# Graphing Erdős and Bacon

Where are you on the networks?

A primary use of social media is networking. Networks are graphs. Work well with someone, and they can recommend you to work with someone else. Your graph of connections grows, and, assuming some regularity conditions in the access your connections have, the probability of better future work increases.

Social media usage is certainly not limited to job-based networking only. We use these platforms to share content through a similar kind of connection graph, be it academic colleagues, friends, relatives, loved ones, and so on. These are the same kinds of graphs, semantically: vertices are people, and edges are the semantic connection between them. The semantic connection between two vertices on this kind of graph could be “worked with” (collaboration graphs), “is friends with” (social graph), “is related to by blood” (ancestry graph), etc.

As they share “person” as the primary vertex type, these graphs can intersect to yield richer, more semantic understanding of our connections to each other. Beyond the person-only vertex, we can add vertices representing workplaces, event spaces, schools, hangouts, academic papers, books, films, games, software, foods, meme categories, ideas… any thing with which we can build a semantic connection to and from another person.

# “Six degrees of separation”

The 1929 short story “Chain-Links”, by the Hungarian author Frigyes Karinthy, is the commonly-recognized first published description of what is now known as “six degrees of separation”. In the story, the narrator describes a game of connecting any two people on the planet via a chain of semantic connections.

One of us suggested performing the following experiment to prove that the population of the Earth is closer together now than they have ever been before. We should select any person from the 1.5 billion inhabitants of the Earth — anyone, anywhere at all. He bet us that, using no more thanfiveindividuals, one of whom is a personal acquaintance, he could contact the selected individual using nothing except the network of personal acquaintances.

The narrator and his friends begin with a “simple” connection using famous people, and then move on to more “average” human circumstances.

I proposed a more difficult problem: to find a chain of contacts linking myself with an anonymous riveter at the Ford Motor Company — and I accomplished it in four steps.

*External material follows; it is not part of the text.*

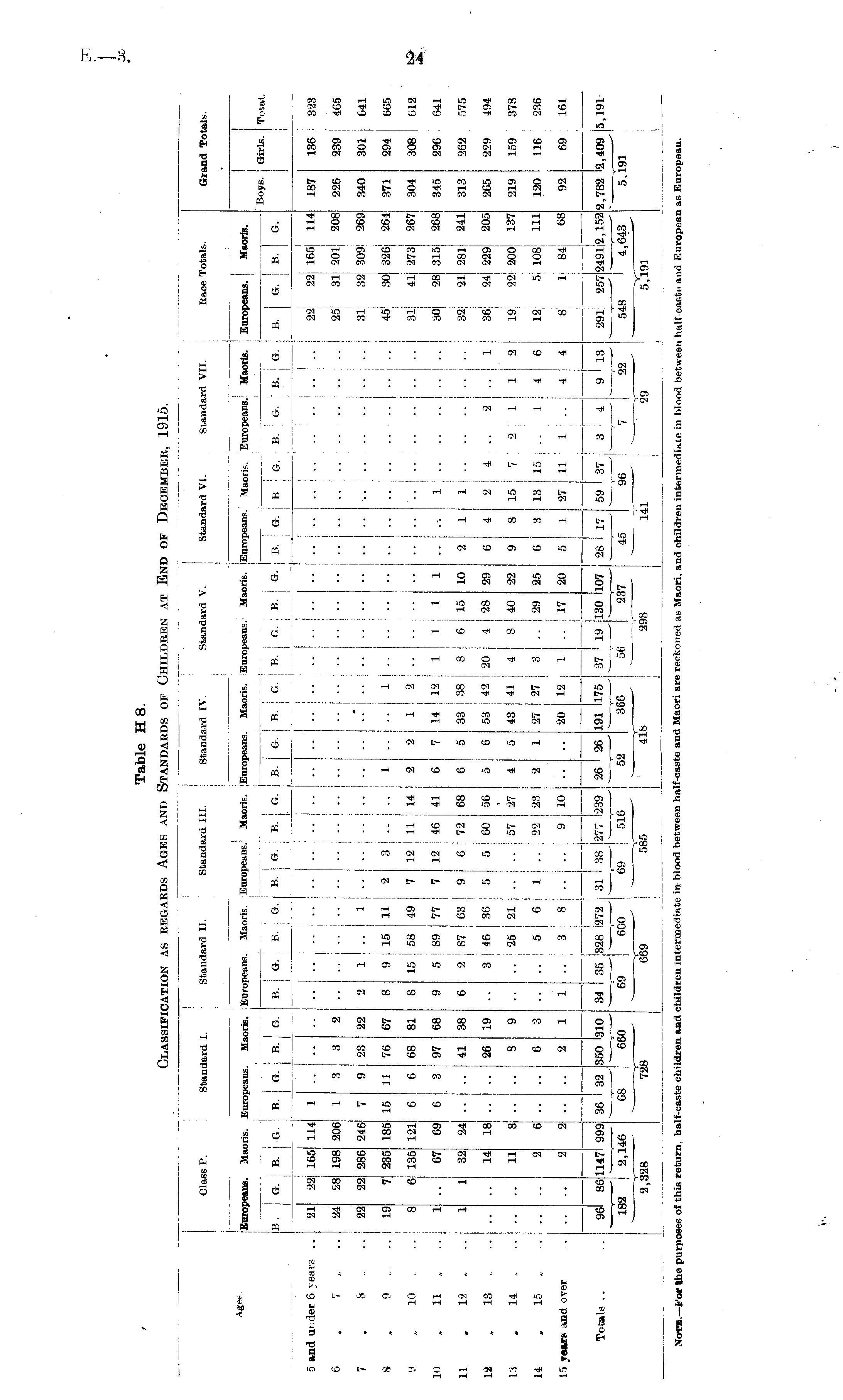 Table H8. Classification as regards Ages and Standards of Children at End of December, 1915.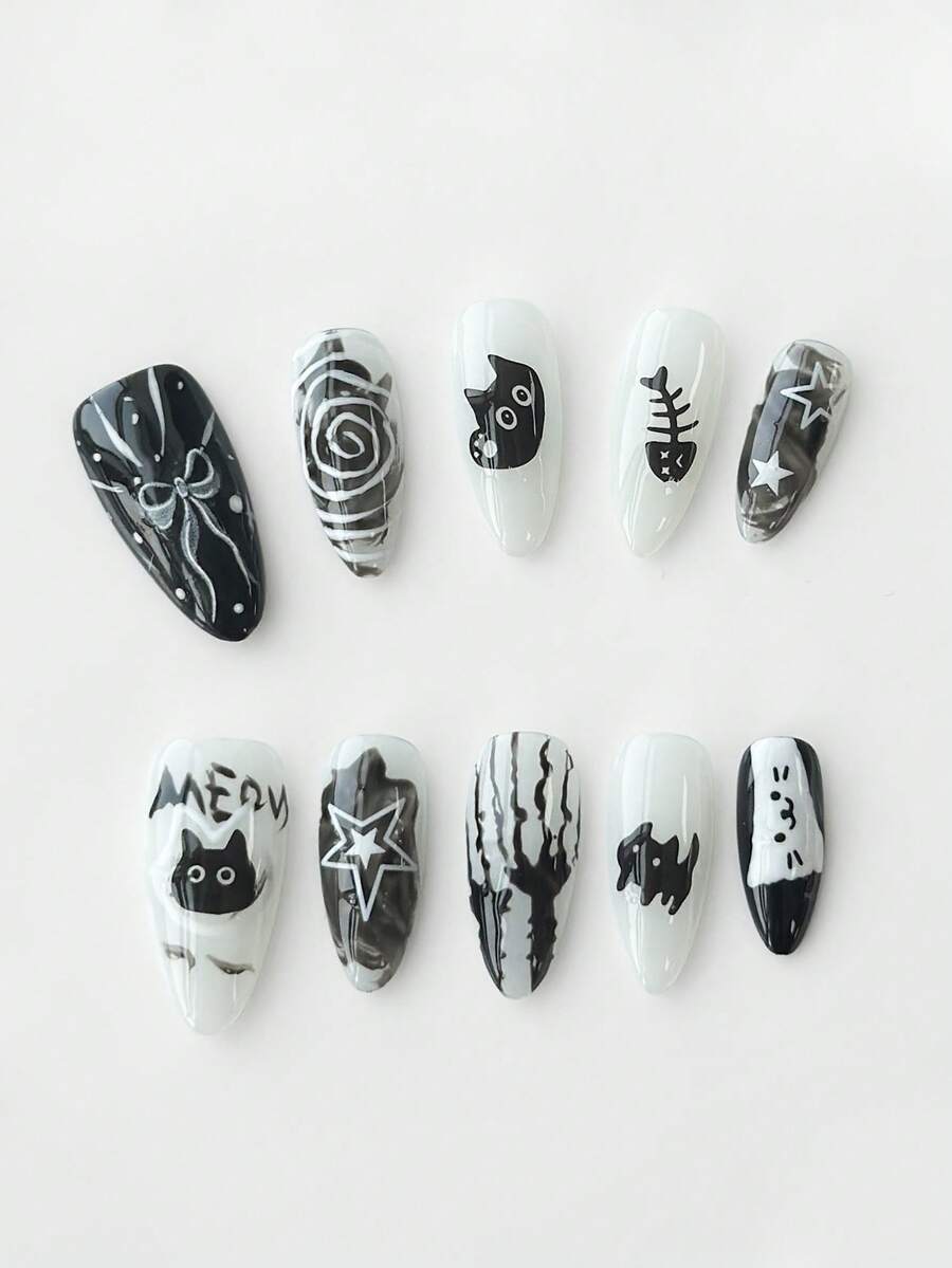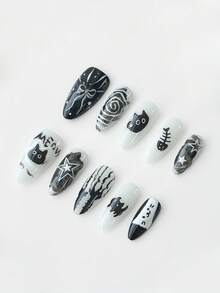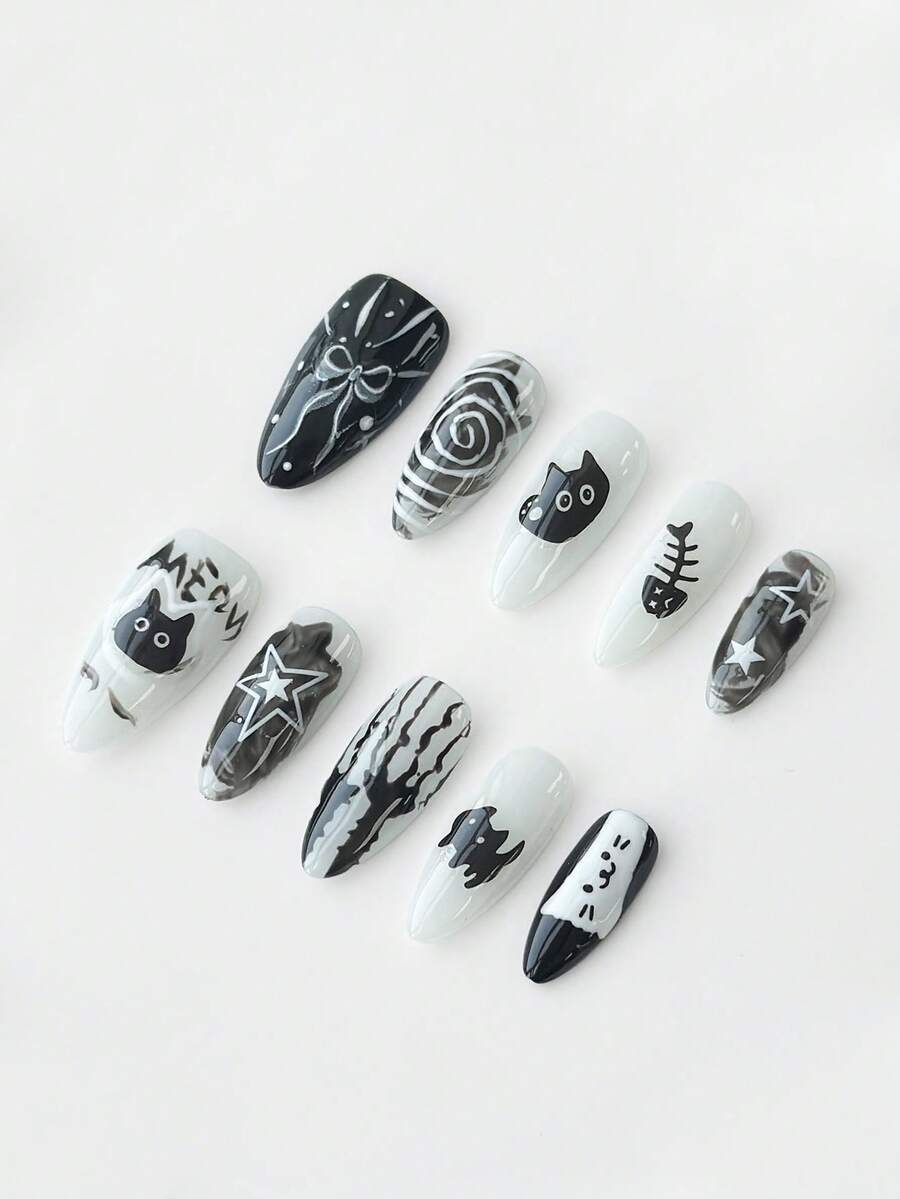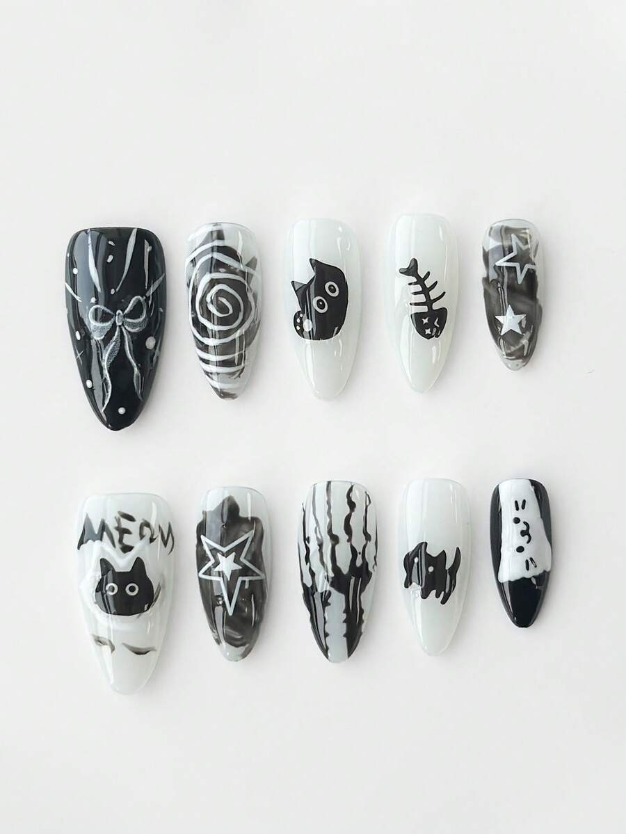 Anime 10pcs Cute Bowknot Music Note Star Element High Quality Handmade False Nails + 3pcs Double-Sided Adhesive, Y2K French Style Rhinestone Chain Polka Dot Removable Nail Art Stickers, Suitable For Holidays, Parties, Dancing And Daily Wear

The idea that this is even possible in society only makes sense in what Karinthy, and later such social critics as David Harvey (*The Condition of Postmodernity*), describe as a “shrinking” of the world via the technologies of high-speed transportation, synchronous timekeeping, and wireless communication. In the distant past, this “world shrinkage” was not physically possible; only in this (post)modern world, it is argued, would all people be connected.

It is due to this shrinkage of time with respect to communication that we are able to abstract the notion of “distance” as a physical property, and consider it mathematically.

An uncheckable social “distance”, however, allows these social connections to be exploited. A Pulitzer- and Tony-nominated play called “Six Degrees of Separation” was written by John Guare in 1990, which was soon after made into a feature film. The story, based on a true story from the 1980s about a con man claiming to be Sidney Poitier’s son, involves a scam artist using the strong social connectivity of high-society New York City to run scams based on false information about his own place on the social graph.

# The mathematics of networking

Another pair of famous Hungarians (that we’ve met before in this virtual space) share the spotlight with Karinthy on the development of the stochastic connections we can make in life. Paul Erdős and Alfréd Rényi introduced the aptly-named Erdős-Rényi model of random graph construction in 1959 to use with their new combinatorial proof technique, the probabilistic method, in proving theorems on the existence of certain kinds of graphs.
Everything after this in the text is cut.